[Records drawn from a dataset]
────
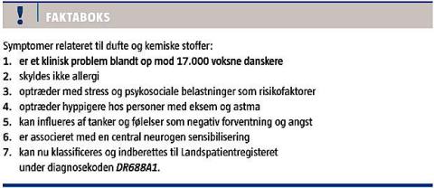 Eksponering for almindeligt forekommende dufte og andre luftbårne kemiske stoffer som parfumerede produkter, friske tryksager, nye møbler og tobaksrøg giver hos nogle mennesker anledning til en række symptomer, hvis årsager og forløb endnu i det væsentligste er ukendte. Der findes sjældent objektive tegn på overfølsomhed, inflammation eller vævsbeskadigelse med relevans for problemstillingen, og symptomerne vil kun hos et mindretal kunne tilskrives kendte sygdomme, som f.eks. astma. Problemstillingen er kompleks, fordi der efter symptomernes opståen kan forekomme en gradvis øgning i antallet af symptomudløsende dufte og kemiske stoffer med stigende påvirkning af daglig livsførelse til følge [1]. Samtidig er symptombilledet uspecifikt, da samme eksponering synes at udløse forskellige symptomer hos forskellige personer [2]. Hvorvidt symptomer, der er relateret til dufte og kemiske stoffer, kan karakteriseres som en selvstændig klinisk enhed, er endnu uafklaret [3], men symptomerne er velkendte inden for en række medicinske specialer såsom almen medicin, medicinsk allergologi, otorhinolaryngologi, arbejds- og miljømedicin og dermatologi [4]. I Tabel 1 ses en oversigt over hyppige, selvrapporterede symptomfremkaldende eksponeringer [5]. Oversigten er ikke komplet, og der findes andre eksempler på eksponeringer, som kan give anledning til symptomer.
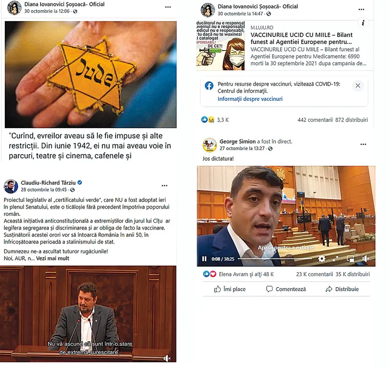 Apoi, conspiraționiștii de pe Facebook își găsesc puternic confirmate teoriile de parlamentarii AUR: din aproape toate intervențiile acestora pe tema pandemiei, a vaccinării și a introducerii certificatului verde este nelipsită „dictatura medicală“ sau, în termenii senatoarei ex-AUR Diana Șoșoacă, „întoarcerea României în epoca hitleristă“.
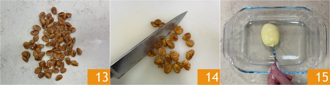 À ce stade, versez les amandes sur un plan de travail en marbre 13 ou sur une plaque de cuisson et laissez-les refroidir. Une fois refroidies, hachez-les au couteau 14. Tout est prêt pour monter le tiramisu. Dans un plat, créez une fine couche de crème 15.
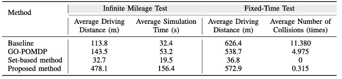 为了评估所提算法在连续场景中的综合性能和可扩展性,我们使用构建的场景4进行了广泛测试。实验设计为无限里程测试,AV在循环道路上连续行驶,直到发生碰撞或陷入死锁,仿真结束。所有动态障碍物(包括PO和被遮挡障碍物)在预定路径上往返移动,给场景引入了巨大的不确定性。此设置专门设计用于评估算法在高度复杂场景中管理直接风险和潜在风险的整体性能。
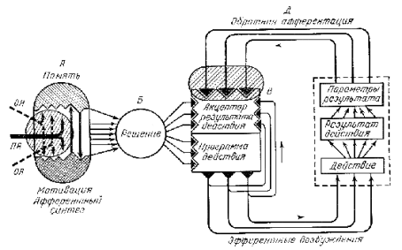 Рис. 9. Общая архитектура функциональной системы, представляющая собой основу «концептуального моста» между уровнями системных и аналитических процессов. А – стадия афферентного синтеза; ОА – обстановочная, ПА – пусковая афферентация; Б – принятие решения; В – формирование акцептора результатов действия и эфферентной программы самого действия; Г – Д – получение результатов действия и формирование обратной афферентации для сличения полученных результатов с запрограммированными.
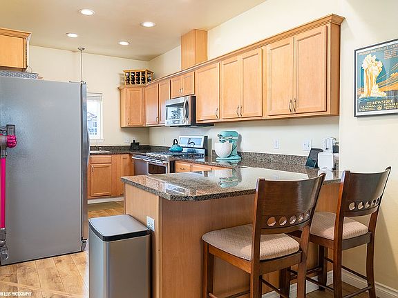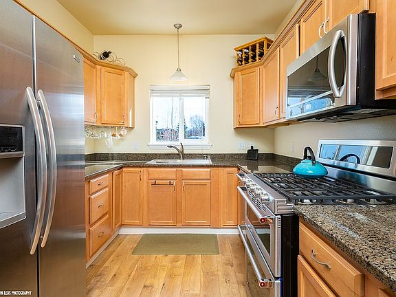 South Anchorage home located within walking distance to daycare, parks, restaurants, bars, numerous strip malls, and grocery store. End unit duplex backing onto a forested vacant lot with an extra large driveway. Home features granite surfaces throughout, SS KitchenAid appliances, laminate flooring, solid oak stairs, modern tile, new carpet, exterior and interior recently paint, updated light fixtures/ceiling fans, new blackout blinds in bedrooms, and a dry bar. Home also has a rare 800 square foot finished garage with LED lighting.
────
Required work: What is needed is an exact reprint of every entry, pictures excluded.

Solution to this problem:
 Eksponering for almindeligt forekommende dufte og andre luftbårne kemiske stoffer som parfumerede produkter, friske tryksager, nye møbler og tobaksrøg giver hos nogle mennesker anledning til en række symptomer, hvis årsager og forløb endnu i det væsentligste er ukendte. Der findes sjældent objektive tegn på overfølsomhed, inflammation eller vævsbeskadigelse med relevans for problemstillingen, og symptomerne vil kun hos et mindretal kunne tilskrives kendte sygdomme, som f.eks. astma. Problemstillingen er kompleks, fordi der efter symptomernes opståen kan forekomme en gradvis øgning i antallet af symptomudløsende dufte og kemiske stoffer med stigende påvirkning af daglig livsførelse til følge [1]. Samtidig er symptombilledet uspecifikt, da samme eksponering synes at udløse forskellige symptomer hos forskellige personer [2]. Hvorvidt symptomer, der er relateret til dufte og kemiske stoffer, kan karakteriseres som en selvstændig klinisk enhed, er endnu uafklaret [3], men symptomerne er velkendte inden for en række medicinske specialer såsom almen medicin, medicinsk allergologi, otorhinolaryngologi, arbejds- og miljømedicin og dermatologi [4]. I Tabel 1 ses en oversigt over hyppige, selvrapporterede symptomfremkaldende eksponeringer [5]. Oversigten er ikke komplet, og der findes andre eksempler på eksponeringer, som kan give anledning til symptomer.
 Apoi, conspiraționiștii de pe Facebook își găsesc puternic confirmate teoriile de parlamentarii AUR: din aproape toate intervențiile acestora pe tema pandemiei, a vaccinării și a introducerii certificatului verde este nelipsită „dictatura medicală“ sau, în termenii senatoarei ex-AUR Diana Șoșoacă, „întoarcerea României în epoca hitleristă“.
 À ce stade, versez les amandes sur un plan de travail en marbre 13 ou sur une plaque de cuisson et laissez-les refroidir. Une fois refroidies, hachez-les au couteau 14. Tout est prêt pour monter le tiramisu. Dans un plat, créez une fine couche de crème 15.
 为了评估所提算法在连续场景中的综合性能和可扩展性,我们使用构建的场景4进行了广泛测试。实验设计为无限里程测试,AV在循环道路上连续行驶,直到发生碰撞或陷入死锁,仿真结束。所有动态障碍物(包括PO和被遮挡障碍物)在预定路径上往返移动,给场景引入了巨大的不确定性。此设置专门设计用于评估算法在高度复杂场景中管理直接风险和潜在风险的整体性能。
 Рис. 9. Общая архитектура функциональной системы, представляющая собой основу «концептуального моста» между уровнями системных и аналитических процессов. А – стадия афферентного синтеза; ОА – обстановочная, ПА – пусковая афферентация; Б – принятие решения; В – формирование акцептора результатов действия и эфферентной программы самого действия; Г – Д – получение результатов действия и формирование обратной афферентации для сличения полученных результатов с запрограммированными.
 South Anchorage home located within walking distance to daycare, parks, restaurants, bars, numerous strip malls, and grocery store. End unit duplex backing onto a forested vacant lot with an extra large driveway. Home features granite surfaces throughout, SS KitchenAid appliances, laminate flooring, solid oak stairs, modern tile, new carpet, exterior and interior recently paint, updated light fixtures/ceiling fans, new blackout blinds in bedrooms, and a dry bar. Home also has a rare 800 square foot finished garage with LED lighting.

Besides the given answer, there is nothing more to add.